__DIRECTIONS__
Restate the listing word for word. Stop at the line that holds "招股书显示,Airbnb在2", include it, and leave out all pictures.

__EXCERPTED DATA__
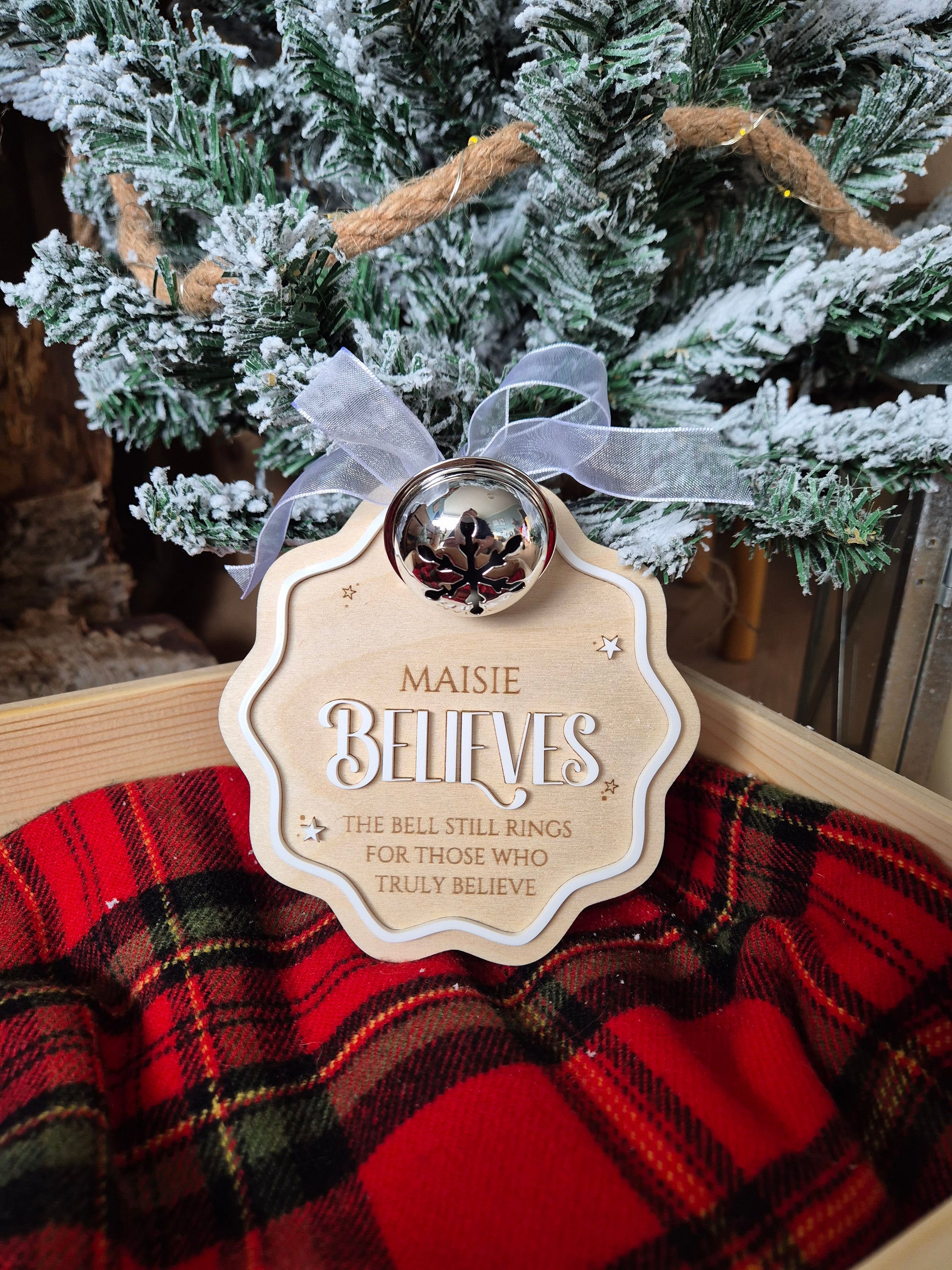- Believe Bell Ornament — silver jingle bell and sheer ribbon keepsake
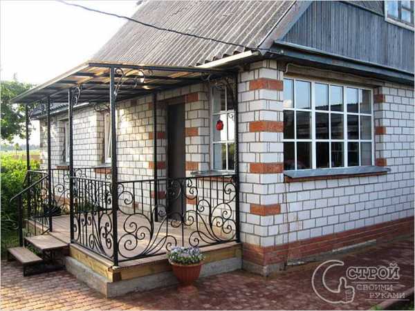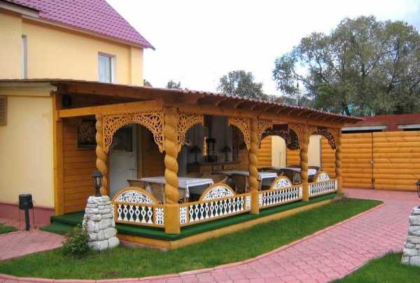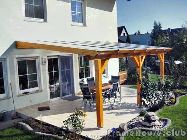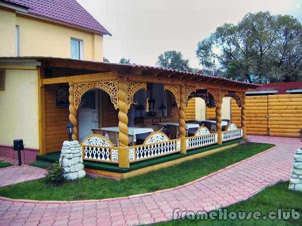 Форму площадке, как правило, придают прямоугольную, крышу, накрывающую ее, делают односкатной, опирающейся тыловой частью на стену дома, а передней – на вертикальные деревянные стойки.
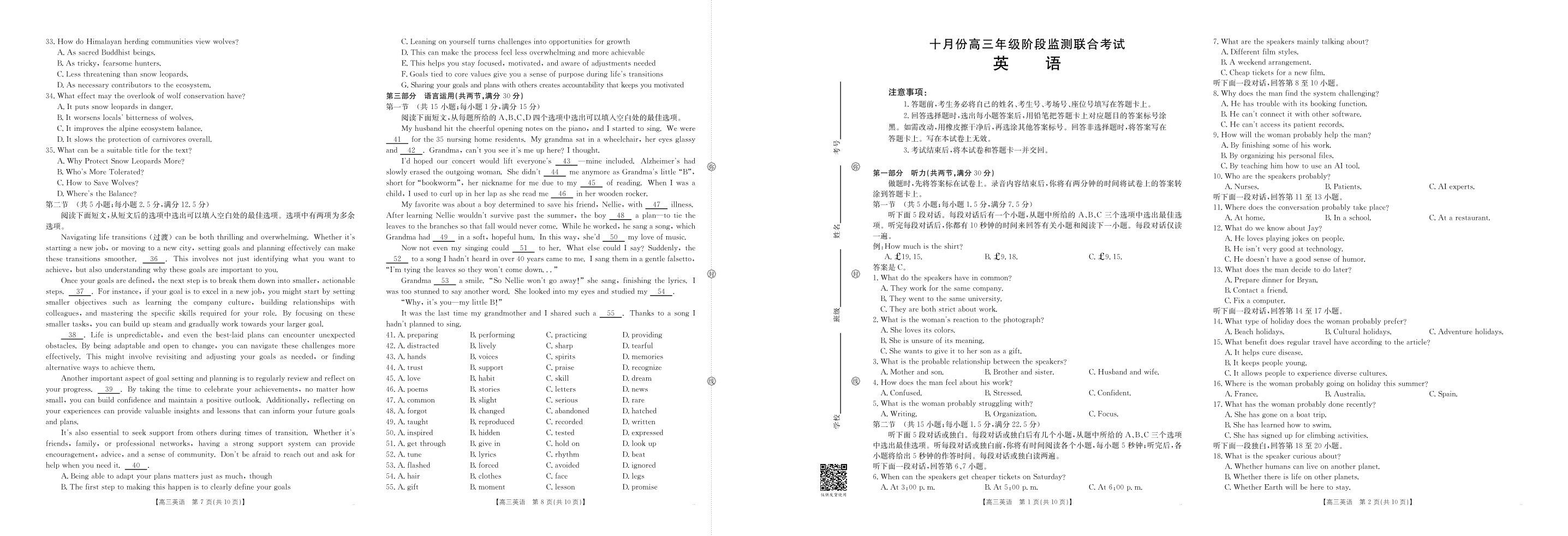 湖南省十月份高三年级阶段监测联合考试 英语.pdf
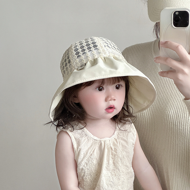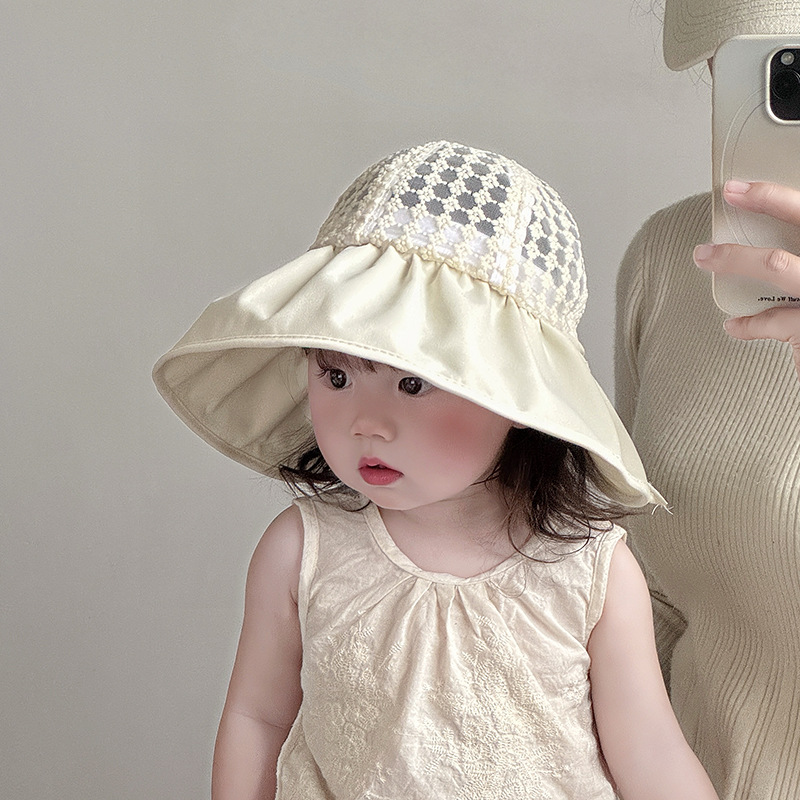 宝宝帽子春夏款透气网眼渔夫帽儿童出游大檐防晒帽遮阳帽太阳帽韩
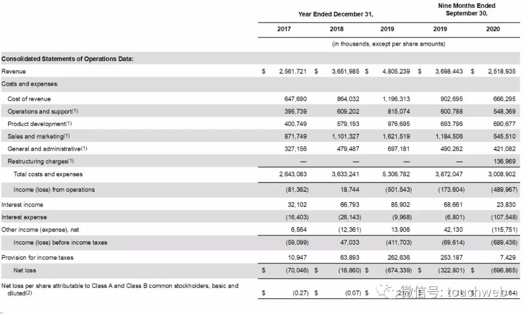 招股书显示,Airbnb在2017年、2018年、2019年营收分别为25.61亿美元、36.52亿美元、48亿美元;Airbnb在2020年前9个月营收为25.19亿美元,上年同期的营收为36.98亿美元。
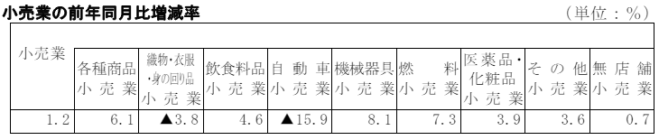 小売業を業種別にみると、機械器具小売業が8.1%増、燃料小売業が7.3%増、各種商品小売業(百貨店など)が6.1%増、飲食料品小売業が4.6%増、医薬品・化粧品小売業が3.9%増、その他小売業が3.6%増、無店舗小売業が0.7%増だった。一方、自動車小売業が15.9%の2ケタ減、織物・衣服・身の回り品小売業が3.8%減となった。
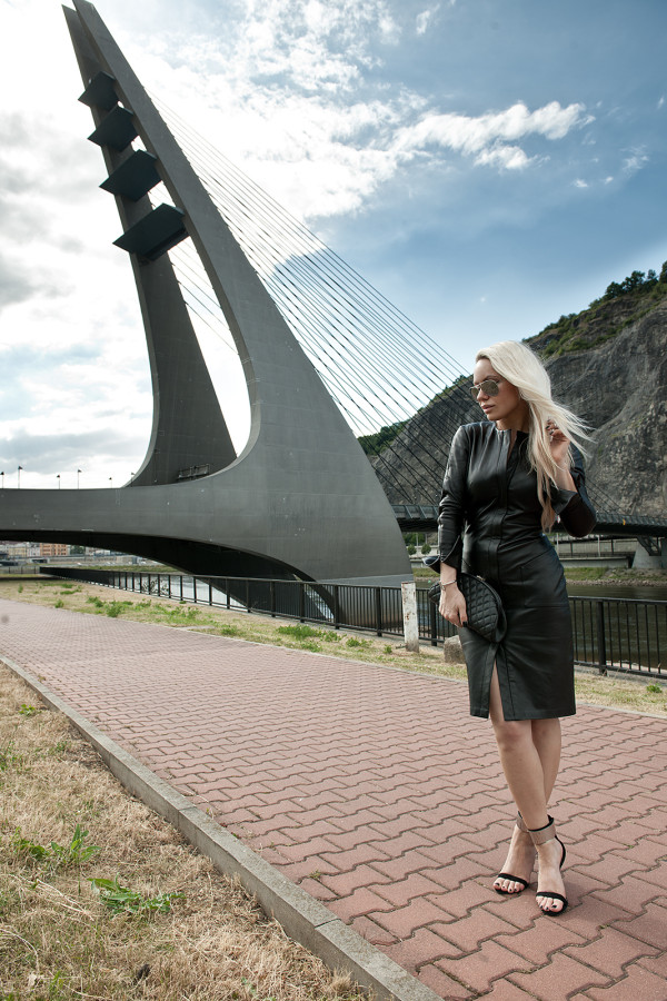 This dress should be initially shirt, but after trying I leave it as ultra-short dress. I also made under-knee leather "socks" to my favorite Chanel boots so it looks as high boots. How do you like it?
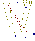 3右の図において,曲線(1)は関数y=x2のグラフであり,曲線(2)は関数y=ax2のグラフである. 点Aは曲線(1)上にあり,そのx座標は3である.点Bはx軸上にあり,線分ABはy軸に平行で,点Cは曲線(2)と線分ABとの交点である. また,点Dは曲線(1)上にあり,線分ADはx軸に平行である.直線CDの傾きは−1であり,点Eは直線CDとx軸との交点である. 原点をOとするとき,次の問いに答えなさい. (ア) 曲線y=ax2のaの値を求めなさい. (イ) 三角形ACDと三角形BDEの面積の比を最も簡単な整数の比で表わしなさい.
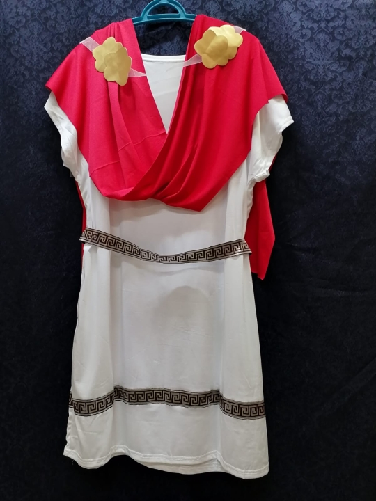 Костюм состоит из белой туники, красной накидки, пояса и золотого венца.
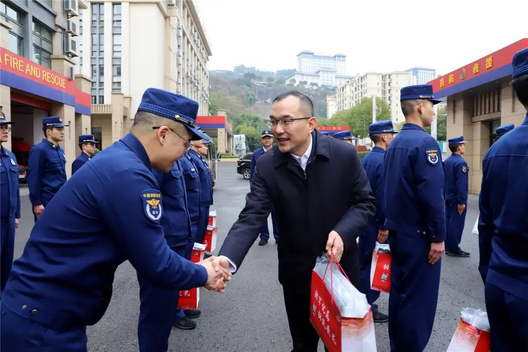 來到縣消防救援大隊、武警云陽中隊,李茂濤看望慰問消防救援指戰(zhàn)員和駐云官兵,詳細了解工作、生活和訓練等情況,向他們送上新春美好祝福。李茂濤說,云陽經(jīng)濟發(fā)展、社會穩(wěn)定、人民安居樂業(yè),離不開廣大官兵和消防指戰(zhàn)員的保駕護航。要繼續(xù)發(fā)揚優(yōu)良傳統(tǒng)和良好作風,強化使命擔當、忠實履職盡責,全力以赴防風險、保安全、護穩(wěn)定、促發(fā)展,為加快建設(shè)山區(qū)庫區(qū)強縣富民示范縣提供堅強保障。相關(guān)部門要弘揚擁軍優(yōu)屬光榮傳統(tǒng),大力支持國防和軍隊建設(shè),用心用情為廣大官兵解除后顧之憂。
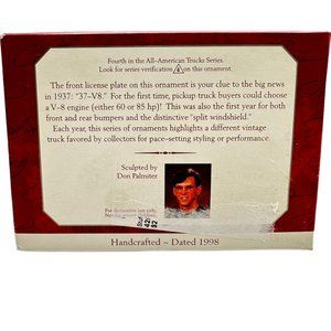 Hallmark Keepsake Ornament 1937 Ford V 8 All American Trucks 1998 Vintage
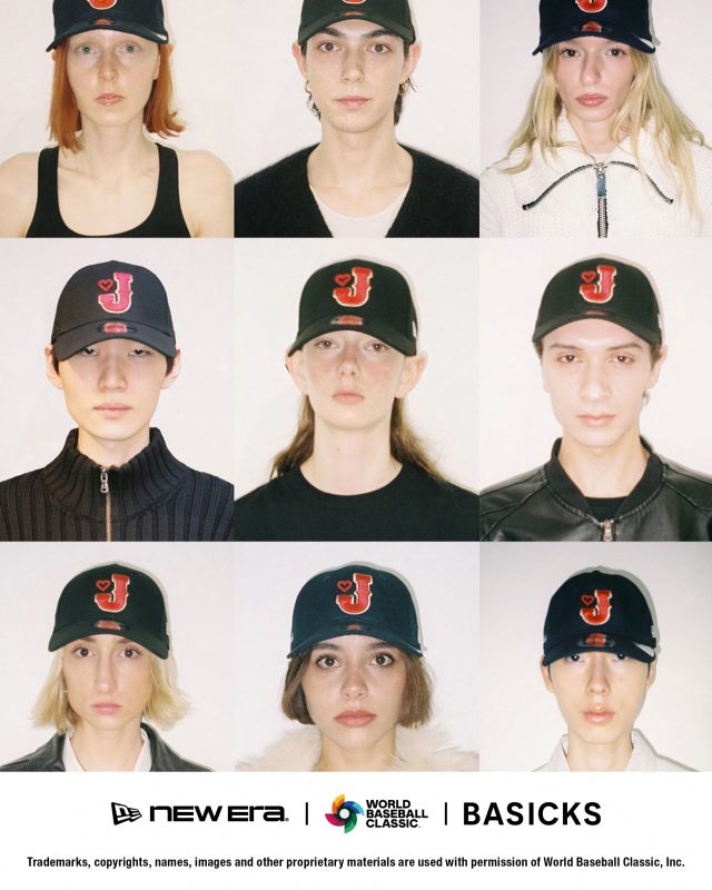 デザイナー 森川マサノリが率いる BASICKS と、スポーツとライフスタイルを横断するグローバルブランド NEW ERA がタッグを組んだ本コラボレーション。ラインナップには、ヘッドウェアモデル2種「9FORTY™」と「Retro Crown 9FIFTY™」をはじめ、両ブランドのコラボレーションで初登場となるアパレル「Short Sleeve Cotton Tee」を加えた全3アイテムを展開する。
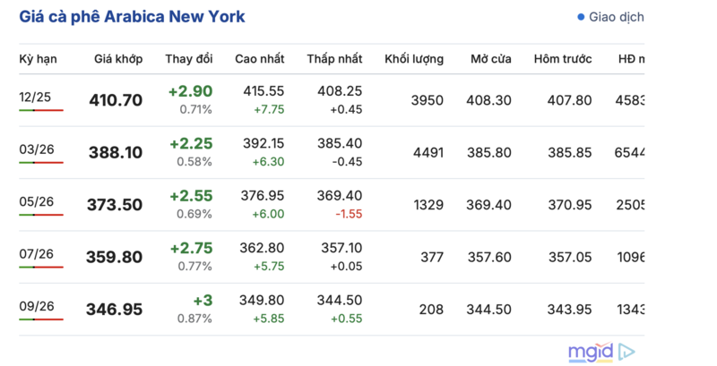 Trong khi đó, trên sàn New York, giá cà phê Arabica lại ghi nhận sự tăng giá đồng loạt trong các kỳ giao hàng. Kỳ giao tháng 12/2025 tăng nhẹ 2,9 cent/lb, lên mức 410,7 cent/lb. Hợp đồng giao tháng 9/2026 tăng 3,0 cent/lb, đạt mức 346,95 cent/lb.

__SOLUTION FOR THIS PROBLEM__
- Believe Bell Ornament — silver jingle bell and sheer ribbon keepsake
 Форму площадке, как правило, придают прямоугольную, крышу, накрывающую ее, делают односкатной, опирающейся тыловой частью на стену дома, а передней – на вертикальные деревянные стойки.
 湖南省十月份高三年级阶段监测联合考试 英语.pdf
 宝宝帽子春夏款透气网眼渔夫帽儿童出游大檐防晒帽遮阳帽太阳帽韩
 招股书显示,Airbnb在2017年、2018年、2019年营收分别为25.61亿美元、36.52亿美元、48亿美元;Airbnb在2020年前9个月营收为25.19亿美元,上年同期的营收为36.98亿美元。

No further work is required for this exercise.